Word for word, restate the data that follows, omitting the images.

Dataset records:
- - -

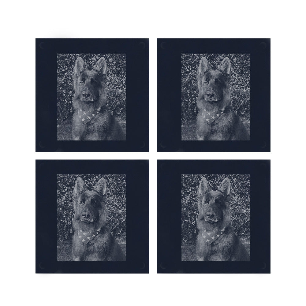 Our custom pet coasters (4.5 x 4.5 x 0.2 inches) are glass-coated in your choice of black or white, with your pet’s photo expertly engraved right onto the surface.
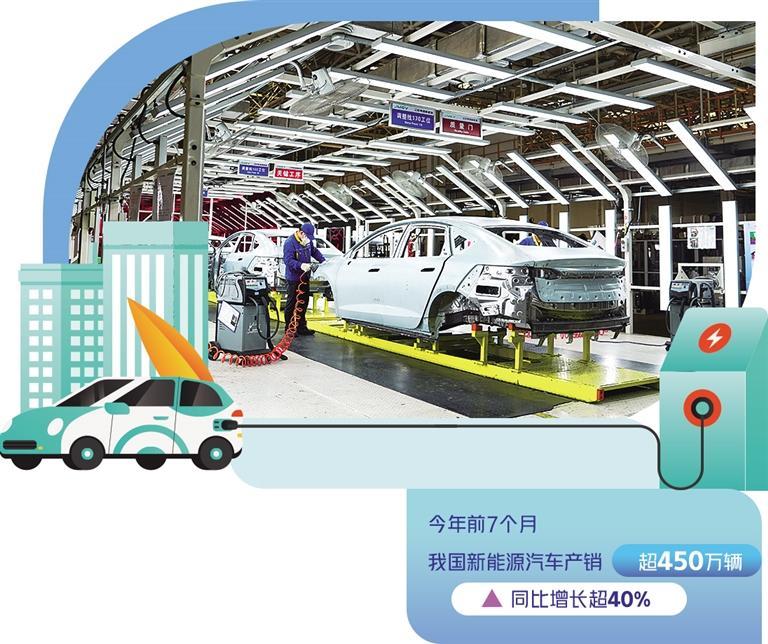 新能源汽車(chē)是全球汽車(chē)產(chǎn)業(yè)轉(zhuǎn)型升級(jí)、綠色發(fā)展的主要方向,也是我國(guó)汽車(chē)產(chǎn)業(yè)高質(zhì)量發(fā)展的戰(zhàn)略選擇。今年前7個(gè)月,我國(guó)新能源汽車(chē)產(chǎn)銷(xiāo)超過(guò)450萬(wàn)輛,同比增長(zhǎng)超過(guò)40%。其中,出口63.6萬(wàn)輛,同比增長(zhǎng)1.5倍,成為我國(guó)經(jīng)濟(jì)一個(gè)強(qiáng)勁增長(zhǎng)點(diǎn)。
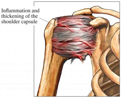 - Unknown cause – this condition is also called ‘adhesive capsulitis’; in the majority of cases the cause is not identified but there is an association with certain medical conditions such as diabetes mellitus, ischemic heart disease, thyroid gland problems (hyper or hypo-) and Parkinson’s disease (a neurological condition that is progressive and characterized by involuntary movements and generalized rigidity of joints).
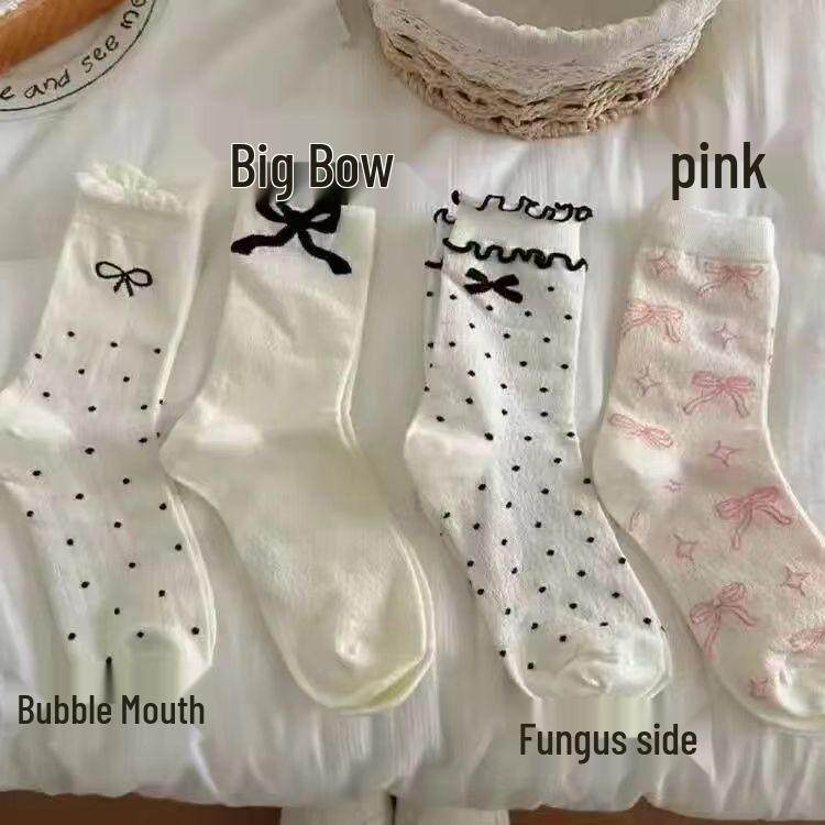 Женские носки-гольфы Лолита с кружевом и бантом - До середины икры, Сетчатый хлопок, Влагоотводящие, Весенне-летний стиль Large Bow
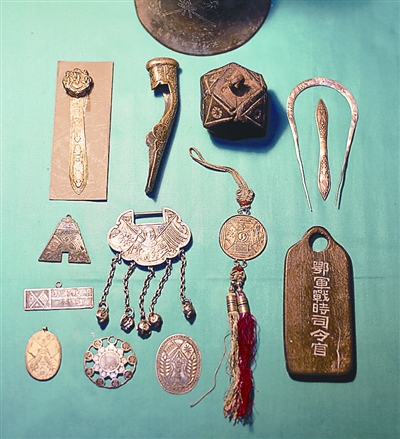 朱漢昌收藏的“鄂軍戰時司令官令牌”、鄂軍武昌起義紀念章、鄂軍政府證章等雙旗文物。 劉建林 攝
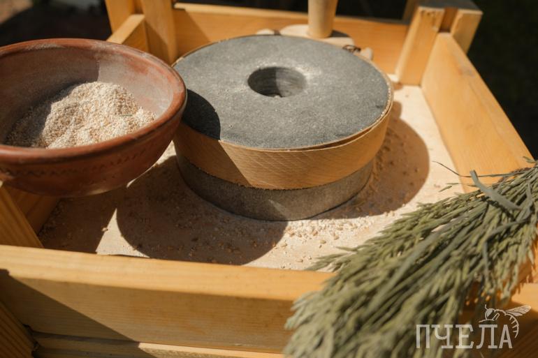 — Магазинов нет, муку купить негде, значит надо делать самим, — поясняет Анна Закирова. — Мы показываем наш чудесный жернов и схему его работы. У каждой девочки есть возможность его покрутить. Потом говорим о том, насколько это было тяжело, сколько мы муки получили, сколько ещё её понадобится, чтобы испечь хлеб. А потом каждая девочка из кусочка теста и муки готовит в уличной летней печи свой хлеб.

- - -

YOUR SOLUTION:
 Our custom pet coasters (4.5 x 4.5 x 0.2 inches) are glass-coated in your choice of black or white, with your pet’s photo expertly engraved right onto the surface.
 新能源汽車(chē)是全球汽車(chē)產(chǎn)業(yè)轉(zhuǎn)型升級(jí)、綠色發(fā)展的主要方向,也是我國(guó)汽車(chē)產(chǎn)業(yè)高質(zhì)量發(fā)展的戰(zhàn)略選擇。今年前7個(gè)月,我國(guó)新能源汽車(chē)產(chǎn)銷(xiāo)超過(guò)450萬(wàn)輛,同比增長(zhǎng)超過(guò)40%。其中,出口63.6萬(wàn)輛,同比增長(zhǎng)1.5倍,成為我國(guó)經(jīng)濟(jì)一個(gè)強(qiáng)勁增長(zhǎng)點(diǎn)。
 - Unknown cause – this condition is also called ‘adhesive capsulitis’; in the majority of cases the cause is not identified but there is an association with certain medical conditions such as diabetes mellitus, ischemic heart disease, thyroid gland problems (hyper or hypo-) and Parkinson’s disease (a neurological condition that is progressive and characterized by involuntary movements and generalized rigidity of joints).
 Женские носки-гольфы Лолита с кружевом и бантом - До середины икры, Сетчатый хлопок, Влагоотводящие, Весенне-летний стиль Large Bow
 朱漢昌收藏的“鄂軍戰時司令官令牌”、鄂軍武昌起義紀念章、鄂軍政府證章等雙旗文物。 劉建林 攝
 — Магазинов нет, муку купить негде, значит надо делать самим, — поясняет Анна Закирова. — Мы показываем наш чудесный жернов и схему его работы. У каждой девочки есть возможность его покрутить. Потом говорим о том, насколько это было тяжело, сколько мы муки получили, сколько ещё её понадобится, чтобы испечь хлеб. А потом каждая девочка из кусочка теста и муки готовит в уличной летней печи свой хлеб.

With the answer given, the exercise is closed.